International Retreat
The store closures are part of a broader international retreat. GameStop has exited or is exiting operations in:
- Austria (2023)
- Ireland (2023)
- Switzerland (2023)
- Germany (FY 2024)
- Italy – Sold (FY 2024)
- Canada – Sold (Q2 2025)
- France – Sale pending (expected 2026)
- New Zealand (EB Games) – Proposed closure announced
The company now operates in just three segments: United States, Australia, and Europe (France only, pending sale).
What to Watch
The key catalysts ahead:
- January 31, 2026: Fiscal year end—final store closure count will be disclosed
- March/April 2026: Special shareholder meeting to vote on Cohen's compensation package
- Q4 2026 Earnings: Holiday quarter results and forward guidance
- France Divestiture: Sale expected to close within 12 months
The company's $4.2 billion in convertible debt comes with repurchase options in April 2028 (2030 notes) and December 2028 (2032 notes), which could pressure liquidity if the stock underperforms.
The Bottom Line
GameStop is betting that aggressive cost-cutting and a pivot to collectibles can transform a struggling video game retailer into a profitable specialty business.

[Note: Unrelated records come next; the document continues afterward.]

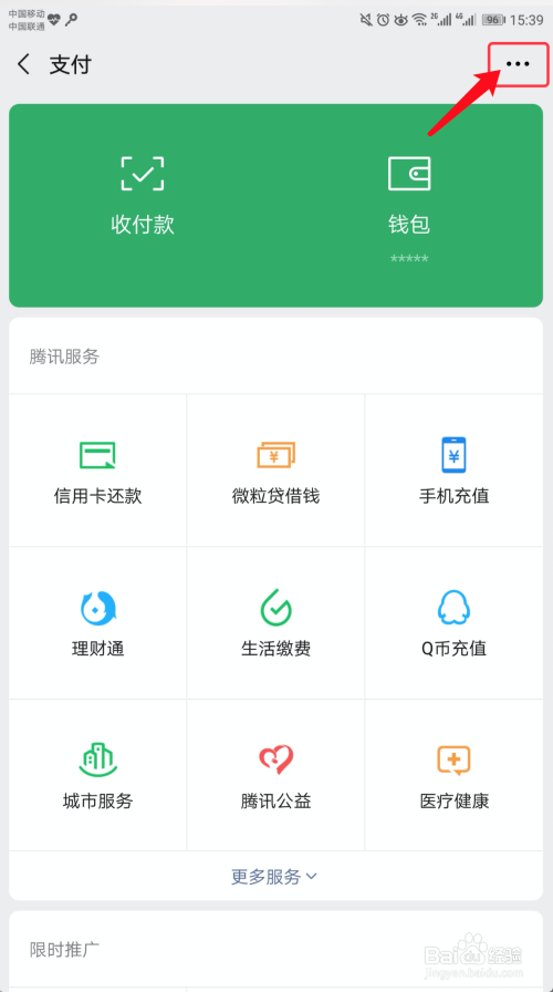 在【支付】页面中,点击右上角的【···】,如下图所示。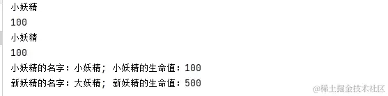System.out.println("新妖精的名字:" + newGobin.getName() + "; 新妖精的生命值:" + newGobin.getHP());
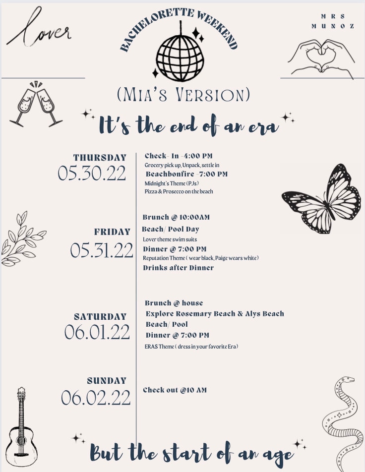 Für alle Swiftie-Bräute - Eras Junggesellinnenabschied Beinhaltet mehrere Reiseplan-Design...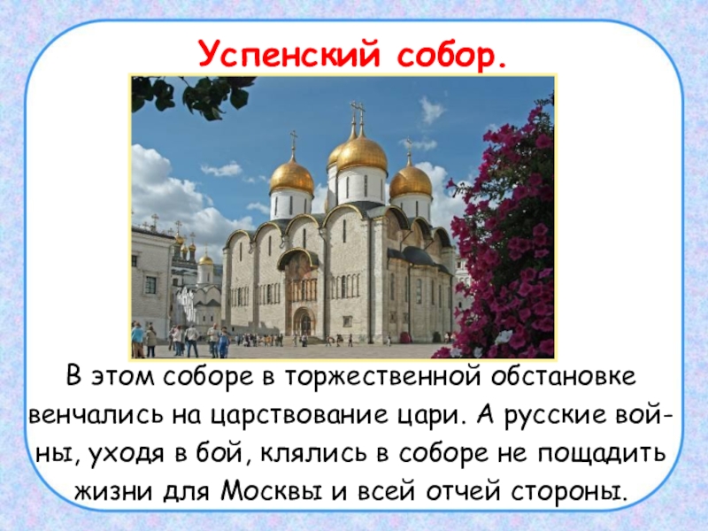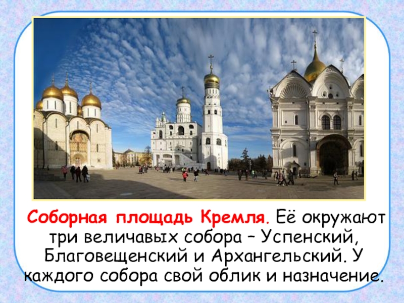 Слайд 20 Соборная площадь Кремля. Её окружают три величавых собора – Успенский, Благовещенский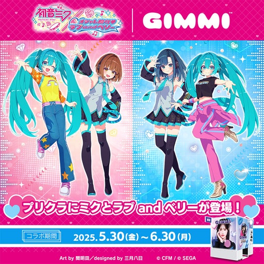 セガグループの株式会社セガ フェイブ(本社:東京都品川区、代表取締役社長執行役員:杉野行雄)は、好評稼働中のプリクラ機『GIMMI(ギミ)』にて、本日2025年5月30日(金)より「初音ミク×オシャレ魔女 ラブ and ベリー」とのコラボイベントを開催いたします。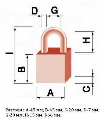 Размери: A-45 мм; B-45 мм; C-20 мм; D-7 мм; G-20 мм; H-15 мм; I-66 мм.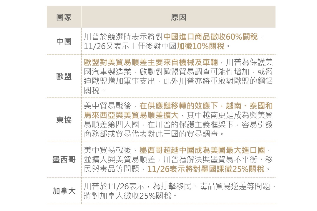 川普提出對中國課徵高達60%的關稅,並對其他國家商品徵收10%-20%關稅,以縮減貿易逆差、提高本土產業競爭力。據玉山銀行投資研究中心預測,關稅調升僅需總統職權,可能成為川普上任百日內的施政重點。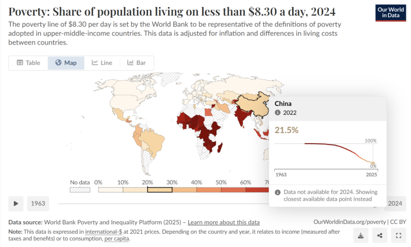 如果按照2021年价格的每人每天8.30美元的中上收入国家的贫困标准,2022年中国大约21.5%的人口(3.04亿人)处于这一贫困线下。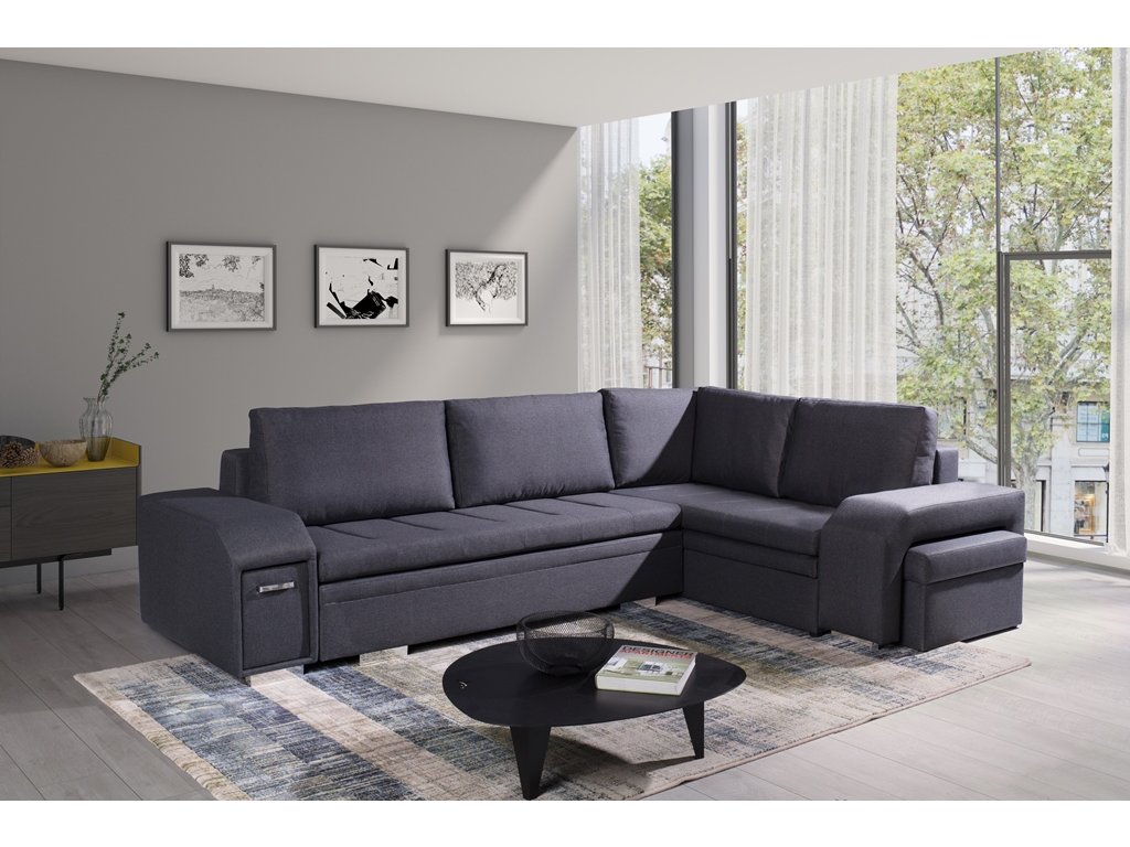 Sedací souprava Alana v sobě spojuje 2 důležité prvky, které nesmí chybět žádné sedací soupravě. Jsou to pohodlí a praktičnost. Praktickou stránkou této sedací soupravy je možnost rozložení pro příležitostné přespání návštěvy a nepostradatelné úložné prostory. Úložný prostor s univerzálním využitím najdete v područi, dále v taburetu, který je možno zasunout do druhé područe a samořejmostí je i úložný prostor v sedací soupravě. Jsou dva a využijete je např. na lůžkoviny. Sedací souprava je celočalouněná, takže je vhodná i k umístění do prostoru. Výplň sedáků tvoří kombinace pružin s kvalitní PUR pěnou. Tato kombinace spolu s velkými opěrnými polštáři, zajišťuje pohodlí. Sedací soupravu nabízíme v levém i pravém provedení v několika trendy barvách. Vyobrazené doplňky a dekorace nejsou v ceně. Vzorek látky, ve které bude sedací souprava dodána, je vyobrazen v doplňkových fotografiích.

The math required to justify Ryan Cohen's $35 billion award—growing market cap 11x while generating $10 billion in cumulative EBITDA—remains daunting.
But for the thousands of retail workers losing their jobs this month, the immediate reality is more pressing than hypothetical market caps. GameStop's store closure blitz may improve the income statement, but it also shrinks the company's physical presence in a market where digital downloads and streaming have already eroded its core business.
The shareholder vote on Cohen's award will be a referendum not just on executive compensation, but on whether investors believe GameStop can reinvent itself into something worth $100 billion.